Overseas buyers will get look at ethanol industry during tours Thursday in Willmar and Granite Falls

Minnesota's ethanol industry will be showcased to delegation from six countries

The Granite Falls Energy ethanol plant is shown in this file photo.

WILLMAR — Fifteen Middle Eastern and African high-level government officials and ethanol decision-makers will be in Willmar and Granite Falls Thursday as part of a two-day tour to Minnesota to better understand the U.S. ethanol production process from farm to ethanol plant.

The tour will showcase Minnesota’s ethanol industry and demonstrate its value as a potential trade partner, according to a news release from the Minnesota Corn Growers Association

Led by the U.S. Grains Council in partnership with the Minnesota Corn Research and Promotion Council and the Minnesota Corn Growers Association, the delegation includes people from Oman, Saudi Arabia, Kenya, Madagascar, Malawi and Jordan.

The individuals represent countries that are exploring expanding ethanol use to address fuel quality and environmental concerns, according to the Corn Growers Association.

The tour includes a 10 a.m. stop Thursday at Dooley’s Petroleum in Willmar, where delegation members will hear about the distribution process, and a 1 p.m. tour at Granite Falls Energy, an ethanol plant in Granite Falls.
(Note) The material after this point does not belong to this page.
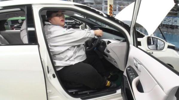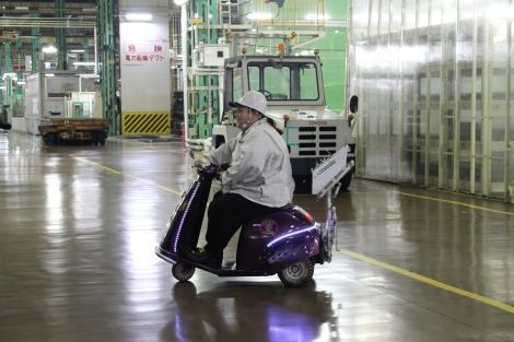 マツコさんは工場内の運搬・移動用のスクーターを試乗。

The delegation will also tour Velde Farms in Wood Lake to learn about corn production and why the ethanol industry is crucial to the rural economy in the U.S.
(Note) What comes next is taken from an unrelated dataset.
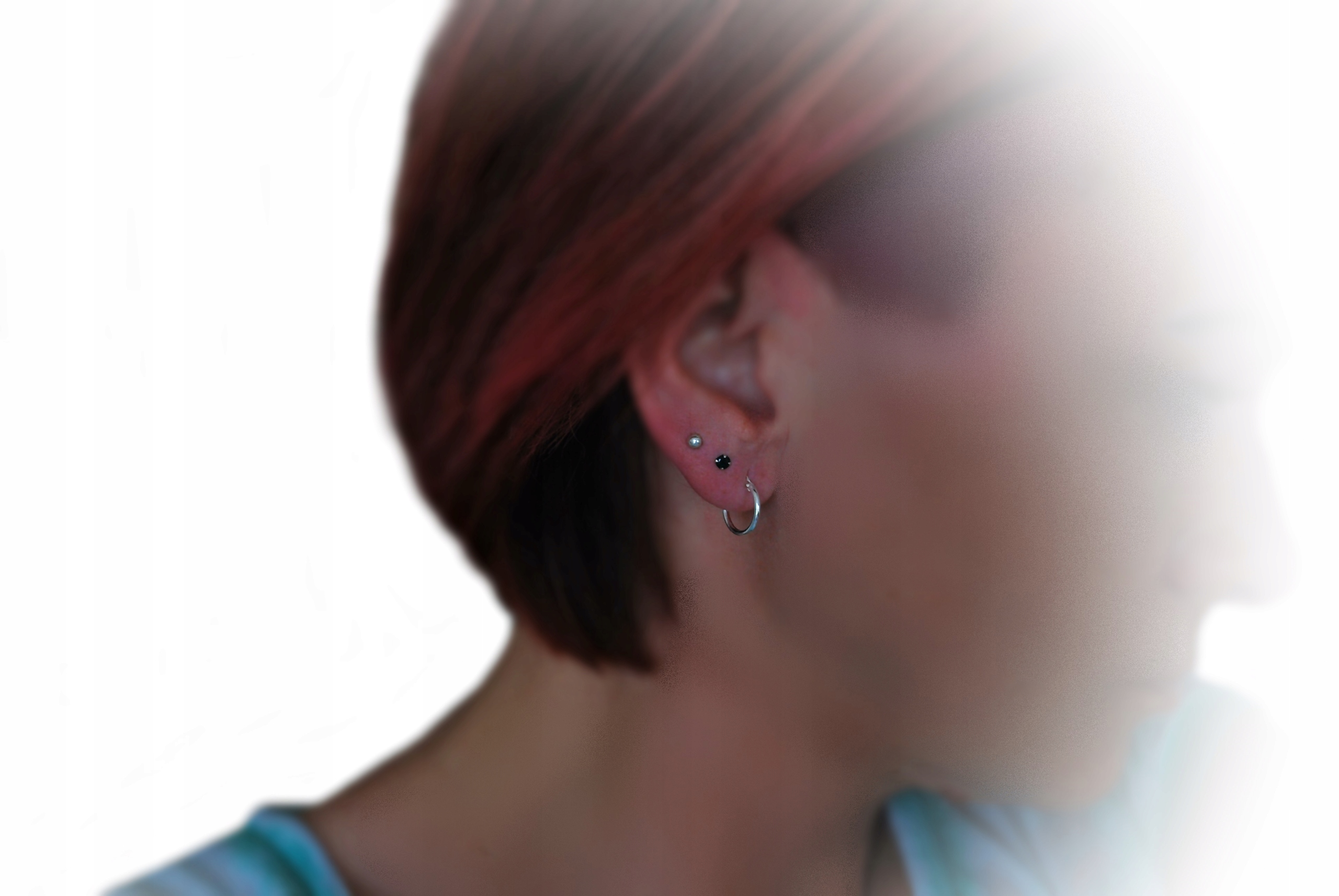 Пирсинг соответствует различным ухам к уху: Tragus, Helix, Forwer Helix

On Wednesday, the tour includes stops in Eyota, Rochester, Inver Grove Heights and Shakopee.

“This impressive group of ethanol leaders are in the U.S. to learn how U.S. ethanol contributes to meeting their biofuels goals, including increasing environmental, human health and economic benefits not only in their respective countries, but around the world,” said Ryan LeGrand, U.S. Grains Council president and CEO.

“Concerns about the environment, air quality and human health have led governments to find renewable contributions to transportation fuel and our hope is by learning more, these decision-makers will see the United States as their partner in meeting these needs,” LeGrand said.

For the last 10 years, ethanol has been the fastest-growing U.S. agricultural export, according to the U.S. Department of Agriculture’s Foreign Agricultural Service. In 2018, U.S. ethanol exports totaled 1.7 billion gallons valued at $2.7 billion.

Prior to the tour the delegation was at the Global Ethanol Summit in Washington, D.C.